Ketidakmampuan parpol/gabungan parpol menghadirkan pilihan bagi masyarakat untuk memilih calon pemimpinnya mengakibat rakyat diperhadapkan pada pilihan alternatif yaitu kotak kosong. Hal ini harus menjadi bahan evaluasi bagi parpol atau gabungan untuk berbenah kedepannya. Kotak kosong adalah kritik terhadap parpol yang gagal dalam melakukan proses pengaderannya.
Ketiga, sebagai pembelajaran. Kotak kosong adalah pembelajaran dalam perkembangan demokrasi kita. Tidak ada calon pemimpin yang dipilih secara aklamasi walaupun tersedia calon tunggal saja. Rakyat dapat memutuskan untuk memilih pemimpinnya apabila calon pemimpinnya yang ditawarkan oleh partai politik tidak sesuai dengan keinginan masyarakat.

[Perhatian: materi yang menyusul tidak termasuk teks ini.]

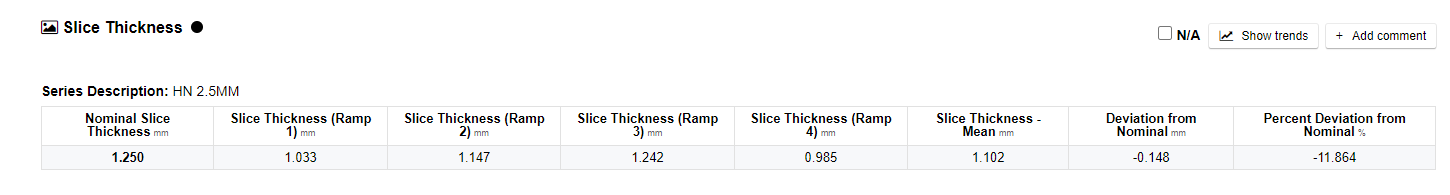 The slice thickness is measured for each ramp. The mean of all four ramps is compared to the nominal thickness from the DICOM header, and an absolute and percentage deviation is reported.

Akan tetapi, bila semakin berkurangnya alternatif calon pemimpin yang ditawarkan bagi masyarakat akan menunjukan bahwa terdapat kegagalan dalam berdemokrasi yang seharusnya menghadirkan banyak pilihan bagi masyarakat.
Keempat, sebagai permenungan. Kotak kosong seharusnya menjadi permenungan. Saya teringat sebuah falsafah tentang kosong, yaitu “kosong itu isi”. Kotak kosong sebetulnya tidaklah kosong melainkan sedang dalam proses pengisian. Bahwa dalam kotak kosong, masyarakat sedang mengisinya dengan sebuah pilihan yang dianggap paling baik, paling tepat, dan paling menguntungkan.
Dalam kekosongannya masyarakat membuat pilihan yang menentukan hidupnya. Kotak kosong menggambarkan bahwa yang terisi (gambar) belum tentulah benar atau pilihan yang diinginkan. Yang terisi bisa saja kosong. Pilihan yang telah terisi mungkin saja perlu dikosongkan agar dapat mengisinya dengan yang baru, yang lebih baik dan yang lebih bermanfat.
Pada akhirnya kotak kosong tidaklah kosong. Kotak kosong itu menampung pilihan (rakyat), simbol perlawanan, sebuah kritik, sebuah pembelajaran dan jugan sebuah perenungan. Kotak kosong juga mungkin saja adalah jawaban.
Sebagaimana diungkapkan Saifudin al Mughniy, “sebab kotak kosong adalah jawaban jatuhnya martabat ketokohan dan mundurnya gerak demokrasi”. Dengan demikian, kotak kosong tidaklah kosong seperti kelihatannya.